About this task:
Reproduce word for word the lines between those holding "壁や浴槽と離すことで、汚れが" and "地生。葉2片,對生,三角形,無柄。花序頂生。花約10朵,呈鬆散排列之總狀花序,綠色或綠褐色,花序柄有短毛。 (林讚標 2001)", inclusive, and nothing else from the data below.

[Data entries]
%%

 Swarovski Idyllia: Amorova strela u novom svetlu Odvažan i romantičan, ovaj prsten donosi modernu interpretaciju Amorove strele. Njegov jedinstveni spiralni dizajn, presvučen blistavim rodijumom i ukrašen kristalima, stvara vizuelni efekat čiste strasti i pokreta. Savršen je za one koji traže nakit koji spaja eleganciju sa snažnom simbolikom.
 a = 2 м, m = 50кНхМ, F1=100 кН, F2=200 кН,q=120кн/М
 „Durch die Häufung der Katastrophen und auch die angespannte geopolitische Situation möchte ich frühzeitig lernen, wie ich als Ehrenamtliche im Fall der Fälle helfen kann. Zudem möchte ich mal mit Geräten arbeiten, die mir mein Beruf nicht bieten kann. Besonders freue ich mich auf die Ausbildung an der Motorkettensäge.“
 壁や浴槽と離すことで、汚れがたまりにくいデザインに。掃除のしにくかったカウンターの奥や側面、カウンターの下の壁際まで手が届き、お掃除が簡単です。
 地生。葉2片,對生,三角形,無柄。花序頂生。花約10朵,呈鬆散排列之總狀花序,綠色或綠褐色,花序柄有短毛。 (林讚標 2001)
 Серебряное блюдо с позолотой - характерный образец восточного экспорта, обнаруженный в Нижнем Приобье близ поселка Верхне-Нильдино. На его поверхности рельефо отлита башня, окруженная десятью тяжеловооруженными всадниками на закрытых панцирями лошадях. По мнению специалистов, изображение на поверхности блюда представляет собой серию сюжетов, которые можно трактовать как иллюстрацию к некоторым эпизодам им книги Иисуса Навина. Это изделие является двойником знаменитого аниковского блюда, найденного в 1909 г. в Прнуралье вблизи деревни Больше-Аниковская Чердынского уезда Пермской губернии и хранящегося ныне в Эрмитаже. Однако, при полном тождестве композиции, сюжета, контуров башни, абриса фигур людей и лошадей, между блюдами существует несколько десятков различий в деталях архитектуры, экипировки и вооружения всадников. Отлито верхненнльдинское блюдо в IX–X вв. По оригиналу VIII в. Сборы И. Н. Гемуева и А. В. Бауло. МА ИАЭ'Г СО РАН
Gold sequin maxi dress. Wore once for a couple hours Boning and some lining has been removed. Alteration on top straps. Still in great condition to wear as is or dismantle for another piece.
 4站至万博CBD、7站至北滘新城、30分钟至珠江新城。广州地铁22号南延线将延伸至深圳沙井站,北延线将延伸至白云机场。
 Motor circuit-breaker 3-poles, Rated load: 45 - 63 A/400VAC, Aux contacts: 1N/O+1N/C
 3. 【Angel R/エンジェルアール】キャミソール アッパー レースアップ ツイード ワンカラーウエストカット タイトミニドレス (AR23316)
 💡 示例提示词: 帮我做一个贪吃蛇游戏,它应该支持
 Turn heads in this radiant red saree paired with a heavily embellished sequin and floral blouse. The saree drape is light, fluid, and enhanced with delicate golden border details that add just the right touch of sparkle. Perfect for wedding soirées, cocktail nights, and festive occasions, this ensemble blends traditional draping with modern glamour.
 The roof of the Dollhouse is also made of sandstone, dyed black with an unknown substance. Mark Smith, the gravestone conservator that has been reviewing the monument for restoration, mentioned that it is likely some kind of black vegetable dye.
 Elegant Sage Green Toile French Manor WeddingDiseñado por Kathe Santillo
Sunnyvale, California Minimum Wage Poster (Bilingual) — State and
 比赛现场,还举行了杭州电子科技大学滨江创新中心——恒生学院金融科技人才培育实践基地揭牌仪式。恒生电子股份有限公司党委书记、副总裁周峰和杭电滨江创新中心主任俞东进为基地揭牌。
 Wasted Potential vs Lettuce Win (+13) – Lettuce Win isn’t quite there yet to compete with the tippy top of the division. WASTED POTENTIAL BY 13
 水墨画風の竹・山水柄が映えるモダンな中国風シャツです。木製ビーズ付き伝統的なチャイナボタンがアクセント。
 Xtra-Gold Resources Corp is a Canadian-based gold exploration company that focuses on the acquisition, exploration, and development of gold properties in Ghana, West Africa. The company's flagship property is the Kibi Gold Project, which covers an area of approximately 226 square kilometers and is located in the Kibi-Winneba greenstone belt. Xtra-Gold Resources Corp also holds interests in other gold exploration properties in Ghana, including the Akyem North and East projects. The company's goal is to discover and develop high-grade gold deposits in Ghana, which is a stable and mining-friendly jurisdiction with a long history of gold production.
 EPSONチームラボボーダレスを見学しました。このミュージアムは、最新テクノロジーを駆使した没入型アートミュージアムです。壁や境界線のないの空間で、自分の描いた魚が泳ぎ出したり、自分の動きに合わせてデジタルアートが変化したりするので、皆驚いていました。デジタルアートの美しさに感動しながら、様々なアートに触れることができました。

%%

Answer to this task:
 壁や浴槽と離すことで、汚れがたまりにくいデザインに。掃除のしにくかったカウンターの奥や側面、カウンターの下の壁際まで手が届き、お掃除が簡単です。
 地生。葉2片,對生,三角形,無柄。花序頂生。花約10朵,呈鬆散排列之總狀花序,綠色或綠褐色,花序柄有短毛。 (林讚標 2001)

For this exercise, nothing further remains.